The Airave costs $100, but Sprint charges an extra $5 per month for use. Verizon Wireless is not charging a monthly fee.

AT&T Inc. is testing femtocells in employees’ homes and plans to conduct customer trials in at least one market in the second quarter, spokesman Mark Siegel said.

The Verizon Wireless and Sprint femtocells are made by Samsung Electronics Co. Ltd. and relay voice and low-speed data connections. The AT&T unit will also relay fast 3G data connections.

T-Mobile USA Inc. has chosen a different technological route to expand indoor coverage. It sells Wi-Fi routers and phones that can place calls over Wi-Fi in addition to regular wireless calls.

Verizon Wireless is a joint venture of Verizon Communications Inc. of New York and Vodafone Group PLC of Britain.

Off-line? Google’s Gmail will still be available Now there’s one less excuse for not dealing with your e-mail.

Google Inc. is giving people a way to manage their e-mail even when they’re off-line, marking the Internet-search leader’s latest move to unshackle its services from the Web.

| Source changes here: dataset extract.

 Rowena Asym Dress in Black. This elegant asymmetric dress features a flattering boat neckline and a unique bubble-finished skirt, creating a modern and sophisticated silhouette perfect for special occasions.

The off-line feature introduced this week is aimed primarily at workers who rely on Google’s Gmail service as part of their jobs. However, anyone with a standard account can choose the option. (This can be accomplished by clicking on “settings” and then entering Google’s “labs” section.)

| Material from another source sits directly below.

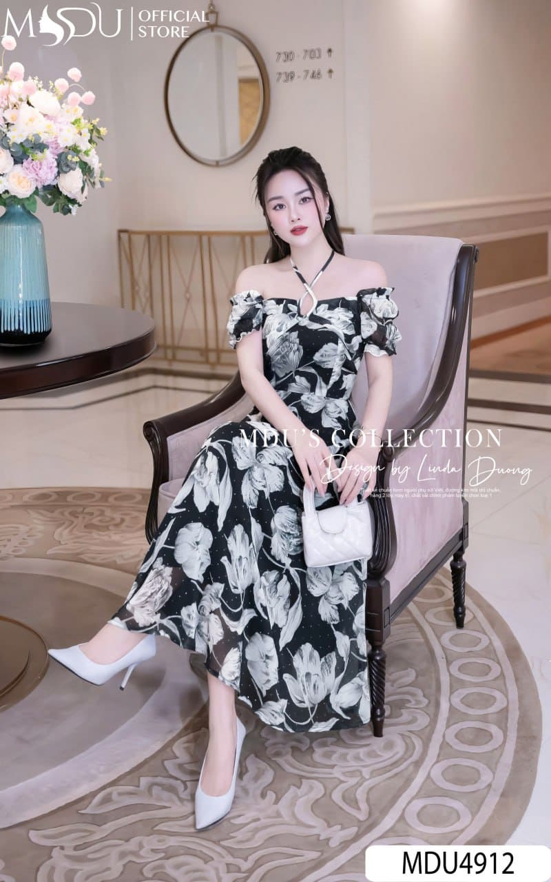 Váy Thiết Kế MDU4912 – Trễ Vai Đính Đá Lấp Lánh, Gợi Cảm Và Bay Bổng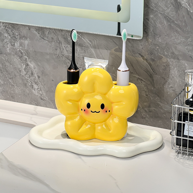 阳光花朵电动牙刷架陶瓷牙膏收纳底座卫生间洗手台置物牙具收纳架

After the e-mail box synchronizes with a computer’s hard drive, virtually all of Gmail’s usual tools become functional off-line - except for the ability to send and receive messages. Those chores are handled the next time a computer connects to the Internet.

Google is trying to lessen its dependence on Internet advertising by selling an online package of commonly used business programs that include a souped-up version of Gmail. The off-line feature makes the e-mail program more competitive with rival Microsoft Corp.’s Exchange and Outlook programs, which are widely used by corporations.

Google previously added an off-line feature to its word-processing and spreadsheet programs, as well as its Picasa service for digital photography. The Mountain View, Calif.-based company plans to take its calendar application off-line later this year.

By adding off-line capability to Gmail, Google also catches up with rival Yahoo Inc., whose larger - and also free - e-mail service has been able to work without Internet access since last July.

To take Yahoo mail off-line, users first have to download the company’s Zimbra software to their computers. The Zimbra program also can be used to work off-line on competing services, including Gmail.